--- Data below ---
○ ○ ○
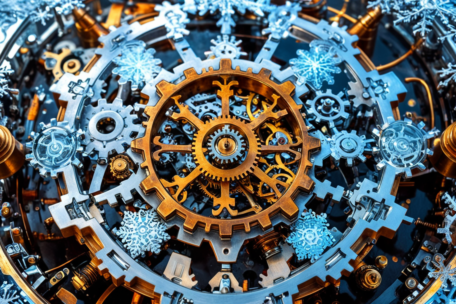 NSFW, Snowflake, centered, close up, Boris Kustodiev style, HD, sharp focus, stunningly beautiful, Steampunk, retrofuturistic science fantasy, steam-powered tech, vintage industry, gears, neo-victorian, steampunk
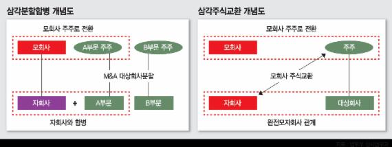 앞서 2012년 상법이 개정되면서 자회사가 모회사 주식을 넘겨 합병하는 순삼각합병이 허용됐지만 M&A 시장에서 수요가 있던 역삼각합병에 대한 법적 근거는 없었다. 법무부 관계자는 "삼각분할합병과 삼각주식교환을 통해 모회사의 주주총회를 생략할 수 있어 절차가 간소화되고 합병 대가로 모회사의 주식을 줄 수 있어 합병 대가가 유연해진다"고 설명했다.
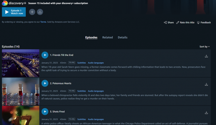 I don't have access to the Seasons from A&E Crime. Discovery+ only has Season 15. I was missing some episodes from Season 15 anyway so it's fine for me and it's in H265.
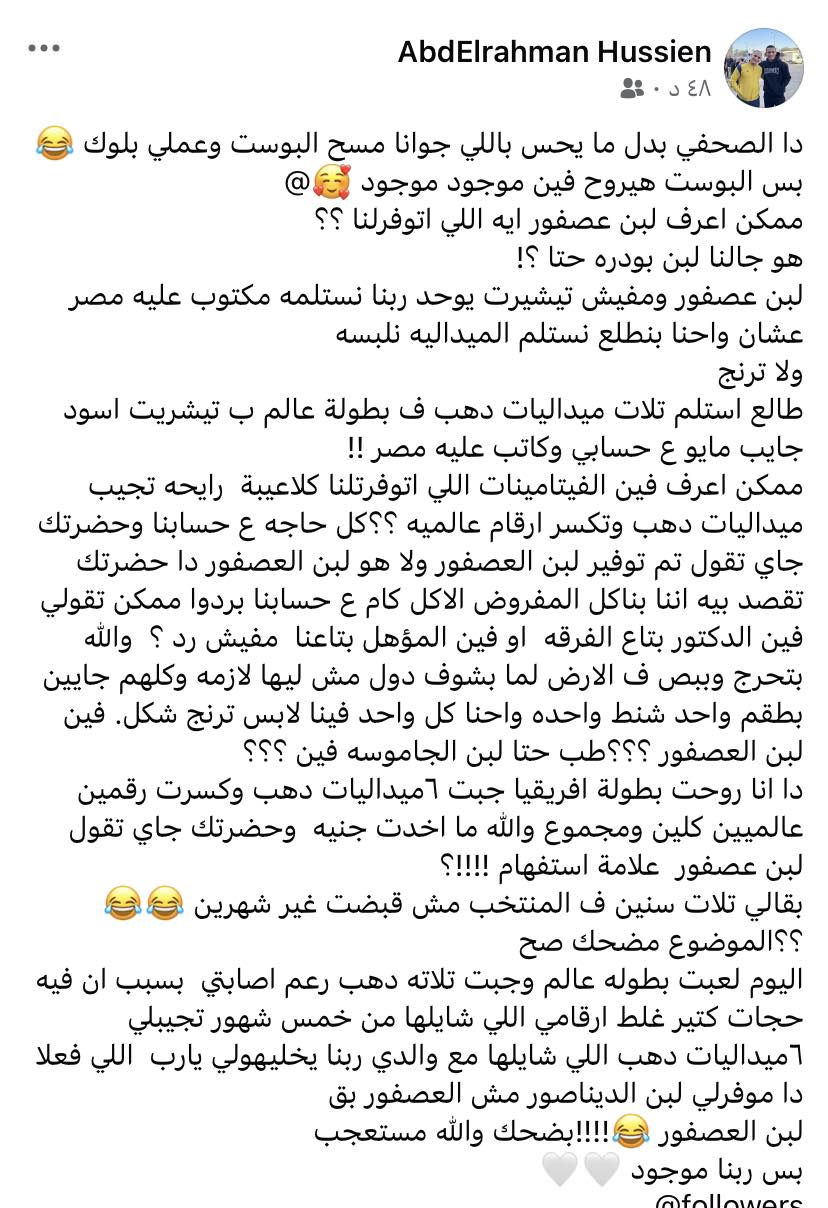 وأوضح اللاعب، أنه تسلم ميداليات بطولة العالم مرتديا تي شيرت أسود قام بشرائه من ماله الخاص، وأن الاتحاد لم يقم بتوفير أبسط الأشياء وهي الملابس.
○ ○ ○
--- What you are asked to do ---
Every line above gets copied exactly; none of the pictures do.

--- Problem solution ---
 NSFW, Snowflake, centered, close up, Boris Kustodiev style, HD, sharp focus, stunningly beautiful, Steampunk, retrofuturistic science fantasy, steam-powered tech, vintage industry, gears, neo-victorian, steampunk
 앞서 2012년 상법이 개정되면서 자회사가 모회사 주식을 넘겨 합병하는 순삼각합병이 허용됐지만 M&A 시장에서 수요가 있던 역삼각합병에 대한 법적 근거는 없었다. 법무부 관계자는 "삼각분할합병과 삼각주식교환을 통해 모회사의 주주총회를 생략할 수 있어 절차가 간소화되고 합병 대가로 모회사의 주식을 줄 수 있어 합병 대가가 유연해진다"고 설명했다.
 I don't have access to the Seasons from A&E Crime. Discovery+ only has Season 15. I was missing some episodes from Season 15 anyway so it's fine for me and it's in H265.
 وأوضح اللاعب، أنه تسلم ميداليات بطولة العالم مرتديا تي شيرت أسود قام بشرائه من ماله الخاص، وأن الاتحاد لم يقم بتوفير أبسط الأشياء وهي الملابس.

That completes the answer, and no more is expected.